# ugly stik gimbal



## foreverfishing (Nov 30, 2012)

I have a heavy action ugly stik and the graphite gimbal slot broke. how would I go about replacing that and is it worth it? i know for the glass rods you can just use heat to remove the old one and then use some glue(for rod building) to put a new one on, same process for the graphite rods?


----------



## Billcollector (Oct 16, 2009)

Depending on the rod, you can take a gimbal and cut from just under the butt grip where the top of the gimbal begins and cut to the bottom of the gimbal with a dremel tool. Do this on all four sides. Once you have done this, you can take a small flat head screwdriver and pry those pieces loose from the adhesive on the rod blank. Be sure the rod is on a table while your doing this or you run the risk of busting the guides.


----------



## foreverfishing (Nov 30, 2012)

Billcollector said:


> Depending on the rod, you can take a gimbal and cut from just under the butt grip where the top of the gimbal begins and cut to the bottom of the gimbal with a dremel tool. Do this on all four sides. Once you have done this, you can take a small flat head screwdriver and pry those pieces loose from the adhesive on the rod blank.

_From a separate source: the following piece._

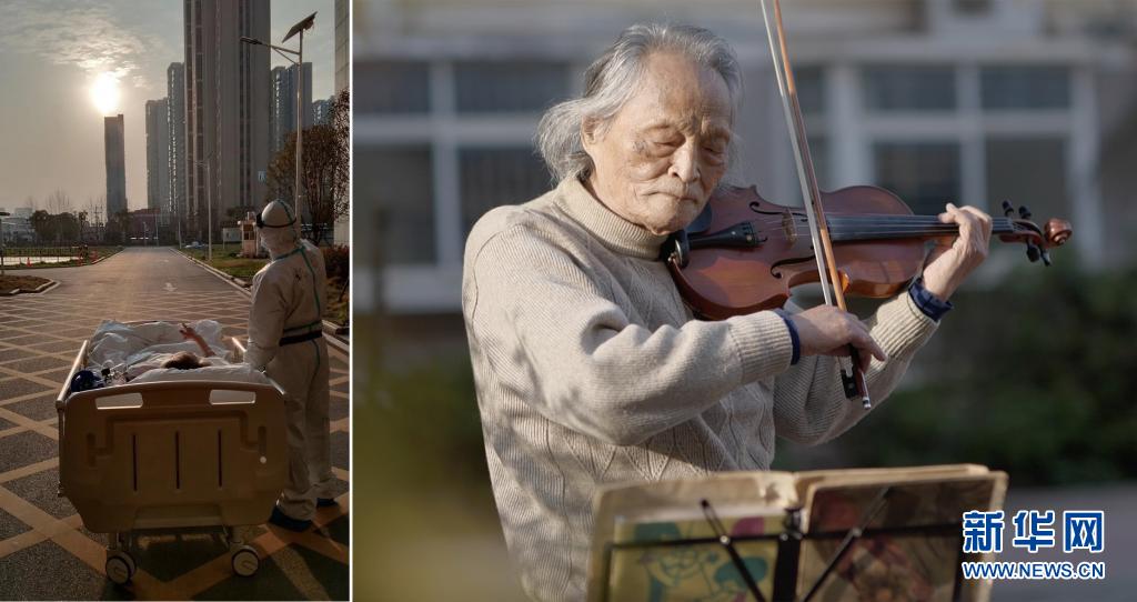 這是一張拼版照片,左圖為:2020年3月5日傍晚,在湖北省武漢大學(xué)人民醫(yī)院東院,復(fù)旦大學(xué)附屬中山醫(yī)院支援湖北醫(yī)療隊(duì)醫(yī)生在護(hù)送患者王欣做CT的途中停下,讓住院近一個(gè)月的老人欣賞久違的日落(甘俊超 攝);右圖為:3月24日,“看夕陽(yáng)的老人”王欣在東西湖區(qū)園藝花城小區(qū)內(nèi)拉小提琴(新華社記者熊琦攝)。新華社發(fā)

Be sure the rod is on a table while your doing this or you run the risk of busting the guides.


and then just glue another one on? and is there any local places to pick up a gimbal butt? ive never built rods so I wouldn't know what size to buy from an online store


----------



## Billcollector (Oct 16, 2009)

Rod Room in Orange Beach, Alabama should have everything you need.


----------



## foreverfishing (Nov 30, 2012)

thanks!!


----------